__Work to complete__
Where an image appears, leave it out; otherwise repeat the data exactly.

__Information shown__
- - - -

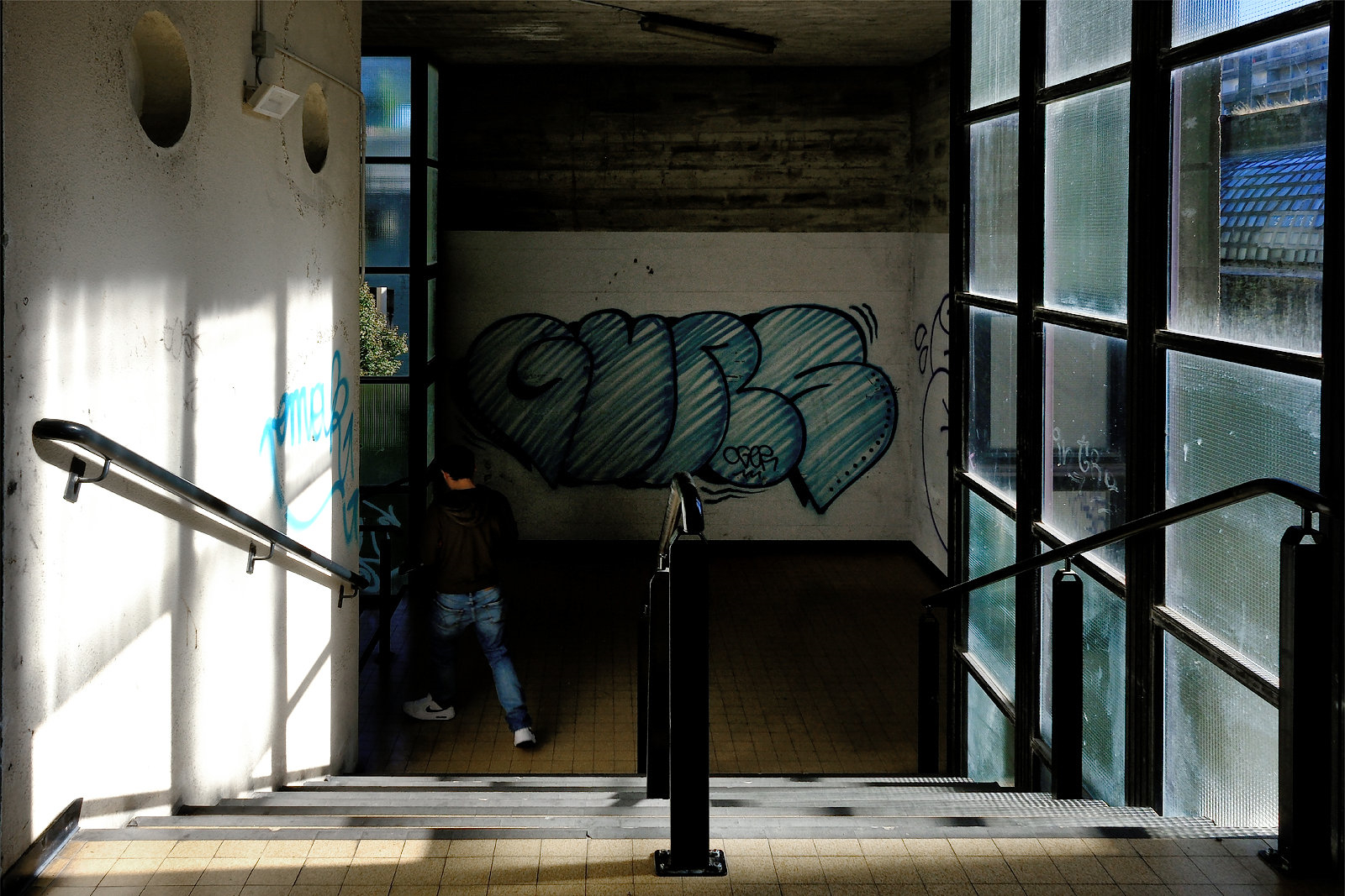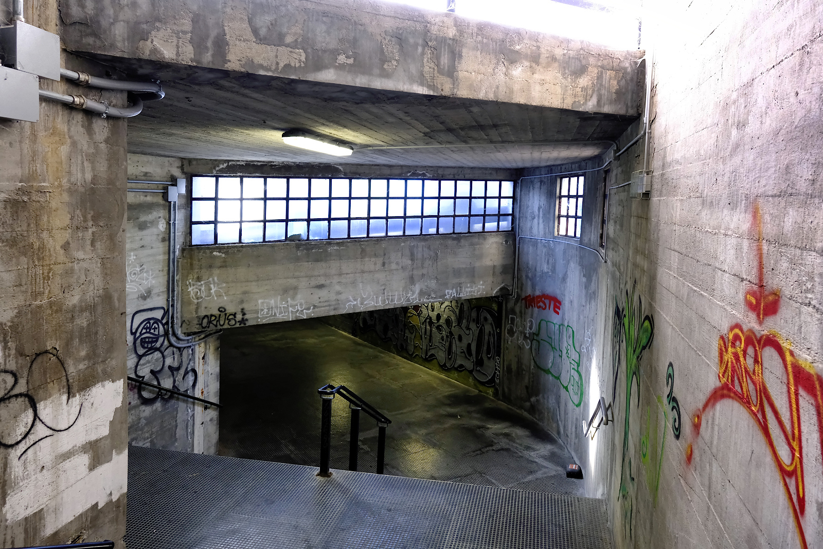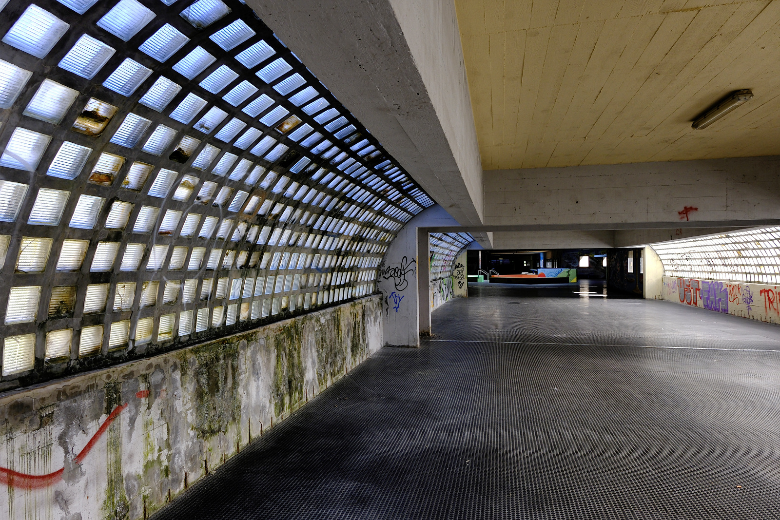I progettisti si sono dimenticati di cosa significa camminare per centinaia di metri in corridoi semibui, illuminati da squarci di sole, poi dipinti da graffiti e murales.
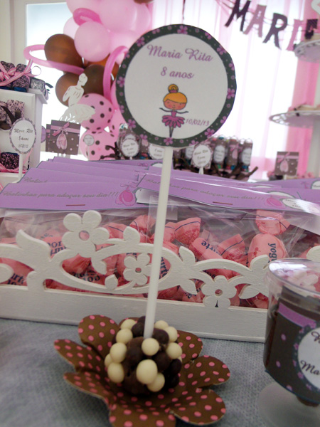 Nossa leitora Chris Coelho fez essa festinha linda com o Tema Bailarina Rosa e Marrom para sua filha Maria Rita de 8 anos! Ela usou o kit disponível no nosso blog que ficou perfeito!
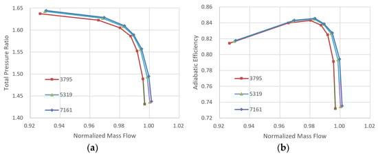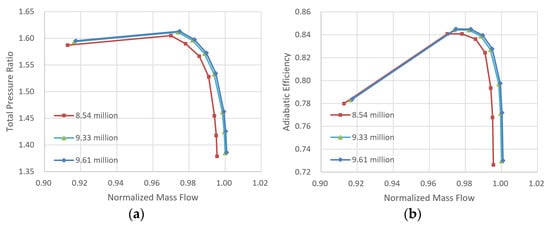 Meanwhile, three types of mesh with different numbers of grid nodes are generated for the full annulus case, and the number of nodes are 8.54 million, 9.33 million and 9.61 million, respectively, with the same mesh topology and boundary condition. The pressure ratio versus the mass flow and the adiabatic efficiency versus the mass flow are shown in Figure 8. It is observed that when the number of grid nodes exceeds 903 million, the result is considered independent of the number of grid nodes. In consideration of the calculation accuracy and the requirement of saving time, the full annulus case with 903 million grid nodes is employed in this study.

- - - -

__Answer below__
I progettisti si sono dimenticati di cosa significa camminare per centinaia di metri in corridoi semibui, illuminati da squarci di sole, poi dipinti da graffiti e murales.
 Nossa leitora Chris Coelho fez essa festinha linda com o Tema Bailarina Rosa e Marrom para sua filha Maria Rita de 8 anos! Ela usou o kit disponível no nosso blog que ficou perfeito!
 Meanwhile, three types of mesh with different numbers of grid nodes are generated for the full annulus case, and the number of nodes are 8.54 million, 9.33 million and 9.61 million, respectively, with the same mesh topology and boundary condition. The pressure ratio versus the mass flow and the adiabatic efficiency versus the mass flow are shown in Figure 8. It is observed that when the number of grid nodes exceeds 903 million, the result is considered independent of the number of grid nodes. In consideration of the calculation accuracy and the requirement of saving time, the full annulus case with 903 million grid nodes is employed in this study.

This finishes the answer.